1. Sea salt has additional minerals and salts that give a subtle taste change compared to pure table salt. However I can't quite pin down what it is. It just tastes more complex to me. (Has anybody else noticed any different or more complex taste of sea salt?)

2. Table salt is intentionally made to have uniformly small grains, probably to make it come out of a salt shaker easily.
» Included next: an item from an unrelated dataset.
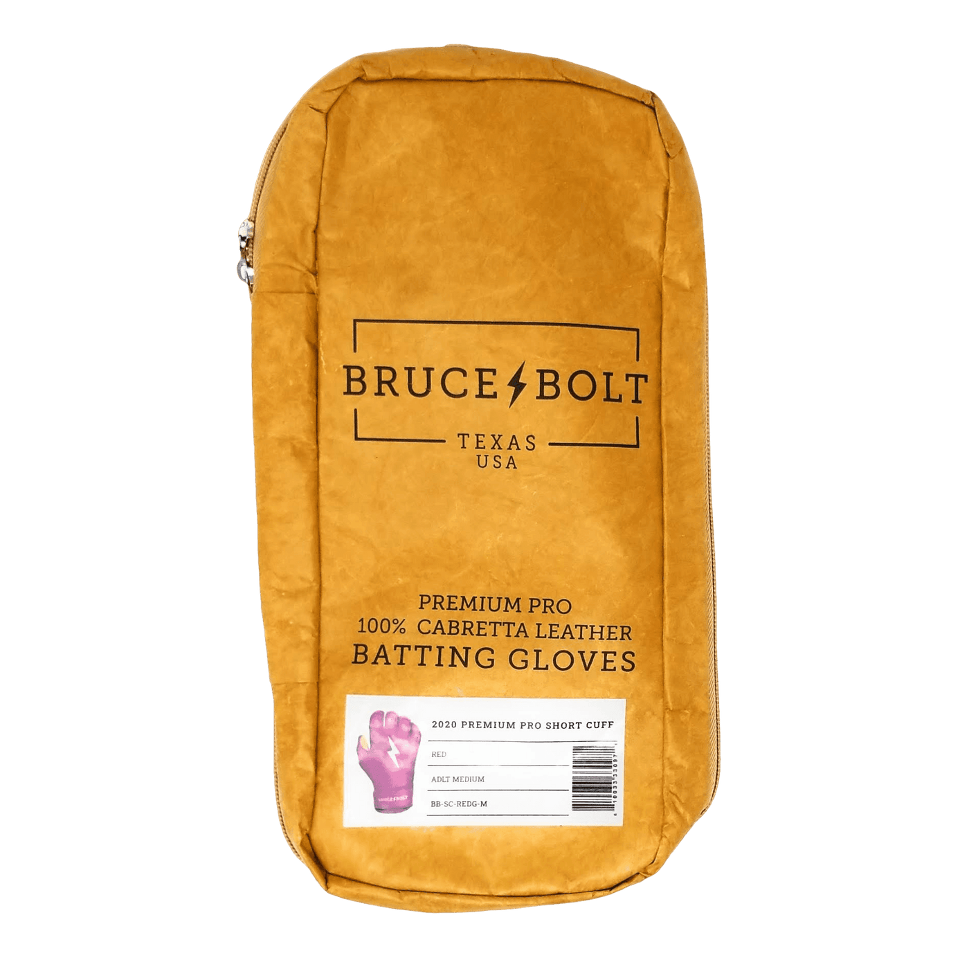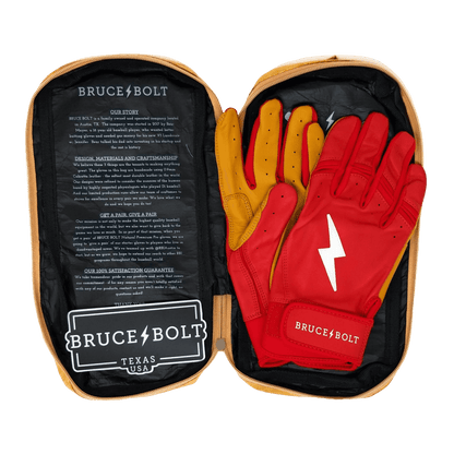 Each pair of BRUCE BOLT Red batting gloves are handmade by skilled craftsmen using only the highest quality 0.9mm Cabretta leather and stitching techniques which makes Bruce Bolt gloves buttery soft but more durable than any other glove on the market.

Sea salt is widely available with fine, medium or coarse grains, and is often less expensive sometimes even much less expensive particularly if you buy it in large packages from ethnic markets. (I get mine at Asian markets.) Perhaps table salt comes in fine, medium and coarse but I've never seen it sold other than fine.

3. You often see TV chefs seasoning their dishes by pinching salt out of a dish. If you've ever tried this I think you'll agree that it's much easier than shaking salt out of a container, and much more accurate too since you develop a feel for how much salt is in your fingers and it's very easy to get the amount you want. I usually use coarse salt in my dish for stove top seasoning. The coarse grains make it easier to pinch the desired amount.

4. I like medium sea salt for table seasoning (rather than fine salt) because of its non-uniformity covering the food. When you eat food salted this way you sometimes get little flavor explosions rather than having your food uniformly salty. (Granted, some people want uniform seasoning.)

5. Medium or coarse salt is particularly nice for salting bread tops before baking, like for example making focaccia.

6. I can think of only two reasons why table salt would be any more desirable than fine grain sea salt. Some people who are on certain sodium restricted diets use "lite salt" which is a mixture of potassium- and sodium-chloride so as to get equivalent saltiness but with less sodium. And since table salt is often iodized it provides a source of iodine for people who need that, although IMO we get plenty enough iodine as long as we are eating a healthy diet and a variety of foods.

So what do you think? Table salt or sea salt?


----------



## Andy M. (Dec 31, 2011)

Kosher salt.  Diamond Crystal.  It's 100% salt with no additives.  This is what you see chefs pinching from a dish on TV.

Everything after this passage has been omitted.